Que dire du traitement scandaleux qui est fait de la parole pontificale ? Des paroles tirées de leur contexte et coupées à maintes reprises sont présentées comme les preuves de l’obscurantisme catholique et de l’arriération sexuelle d’un vieillard grincheux. Alors on nous parle du refus du préservatif, d’une morale sexuelle trop rigide ou d’un refus de la modernité. Forts de clichés aussi arriérés que stupides, ils présentent les propositions de Benoît XVI comme les injonctions d’un Torquemada allumeur de bûchers. Que je sache, personne n’est obligé d’être catholique, et l’Eglise n’a encore organisé nulle part de police des corps pour veiller à la bonne tenue de la moralité sexuelle de ses ouailles. Nos journalistes n’en ont cure ! Ils nous resservent les erreurs d’hier pour disqualifier la parole d’aujourd’hui. Mais mes amis, parlons donc d’aujourd’hui ! Qu’y a-t-il dans la parole de l’Eglise qui puisse être qualifié d’injuste ? La condamnation des homosexuels ? Erreur ! L’Eglise condamne une pratique, pas des personnes. Elle ne refuse à personne sa main secourable, préférant relever l’Homme que de le laisser seul dans l’ombre. L’interdiction du préservatif ? Erreur ! L’Eglise préfère croire que les hommes sont des êtres responsables, et pas des phallus ambulants [4]. Je pourrais continuer, les exemples étant légion de cet amalgame que de bonnes âmes condamnent dès qu’il s’agit d’une autre organisation ou religion. L’Eglise, elle, n’a jamais le droit à une telle compassion.
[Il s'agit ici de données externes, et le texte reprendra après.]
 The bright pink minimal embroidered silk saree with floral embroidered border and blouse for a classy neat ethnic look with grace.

Le Pape, depuis son installation, assimilé à un nazi, est la cible d’un acharnement médiatique hors norme. Les affaires de pédophilie, dont Tancrède et moi-même avons parlé dans des articles plus anciens, ont été du pain béni pour nos chercheurs de scandales. Qu’ont-ils dit de l’action de Benoît XVI pour lutter contre ce fléau ? Qu’ont-ils dit de la compassion dont a fait preuve le Pape vis-à-vis des victimes ? Cela n’occupait guère les colonnes, au mieux une brève, cachée entre le retrait d’un lot de machines à laver et le changement de majorité au Bélouchistan septentrional. L’on préfère parler d’une actrice bien sotte traitant Benoît XVI de nazi que de parler de la doctrine sociale que de Saint-Père défend. Drôle de priorité.
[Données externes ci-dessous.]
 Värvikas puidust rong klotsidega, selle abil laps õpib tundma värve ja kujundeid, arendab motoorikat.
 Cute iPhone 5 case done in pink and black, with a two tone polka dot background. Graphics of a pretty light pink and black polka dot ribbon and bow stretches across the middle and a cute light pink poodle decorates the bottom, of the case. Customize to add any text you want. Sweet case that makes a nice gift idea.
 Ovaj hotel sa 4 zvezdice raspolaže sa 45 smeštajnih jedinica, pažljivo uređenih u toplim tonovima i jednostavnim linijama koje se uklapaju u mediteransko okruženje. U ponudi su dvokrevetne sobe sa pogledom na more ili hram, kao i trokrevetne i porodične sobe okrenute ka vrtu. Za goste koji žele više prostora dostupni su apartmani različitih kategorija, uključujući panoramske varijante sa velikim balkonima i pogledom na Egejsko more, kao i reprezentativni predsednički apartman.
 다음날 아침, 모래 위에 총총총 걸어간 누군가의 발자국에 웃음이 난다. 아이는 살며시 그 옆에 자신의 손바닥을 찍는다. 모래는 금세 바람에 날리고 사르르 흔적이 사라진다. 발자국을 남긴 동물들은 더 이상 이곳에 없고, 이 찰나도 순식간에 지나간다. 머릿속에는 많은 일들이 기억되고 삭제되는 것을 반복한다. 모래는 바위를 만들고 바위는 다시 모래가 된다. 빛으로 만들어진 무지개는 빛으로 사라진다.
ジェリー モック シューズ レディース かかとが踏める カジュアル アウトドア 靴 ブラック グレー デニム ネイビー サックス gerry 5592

Mais le comble, je crains que nous l’ayons atteint ce jeudi 27 octobre. N’étant pourtant pas un fanatique du dialogue inter-religieux, je fus tout simplement scandalisé du peu de cas, pour ainsi dire de la mesquine indifférence qui a accompagné la rencontre d’Assise. Seule la Croix et la Voix du Nord en ont parlé dans leur version internet. Qu’un événement d’une telle importance, rassemblant les représentants de toutes les religions du monde ne suscite pas le moindre article est tout bonnement un scandale. L’espérance n’intéresse pas les journalistes. Le message de paix d’Assise ne figure pas dans leurs priorités. Ils préfèrent piétiner l’« infâme » qui de toute façon ne leur répondra pas. Ils préfèrent se focaliser sur une supposée violence exercée par un groupe de jeunes qui prient devant un théâtre. Ils préfèrent voir de l’extrême droite partout alors que leur propre lectorat comprend les revendications de ces « indignés ». Comme le disait monseigneur Podvin à propos d’un article lamentable de Libération, « la liberté d’expression s’honore quand elle respecte ceux qu’elle offense ». Mais ce qui est certain avec les journalistes de tous les bords confondus, c’est que l’on frise le bon-goût sans jamais l’atteindre, et que l’on tapine avec la bassesse sans jamais en sortir.


[1comprenez fascistes. Un point Godwin, un !

[2Heures les plus sombres de notre Histoire

[3Je rappelle à notre aimable lectorat que la France, au bord de la faillite, peut encore se permettre ce genre d’âneries.

[4Bien que l’affaire DSK permette de comprendre bien des choses sur ce chapitre.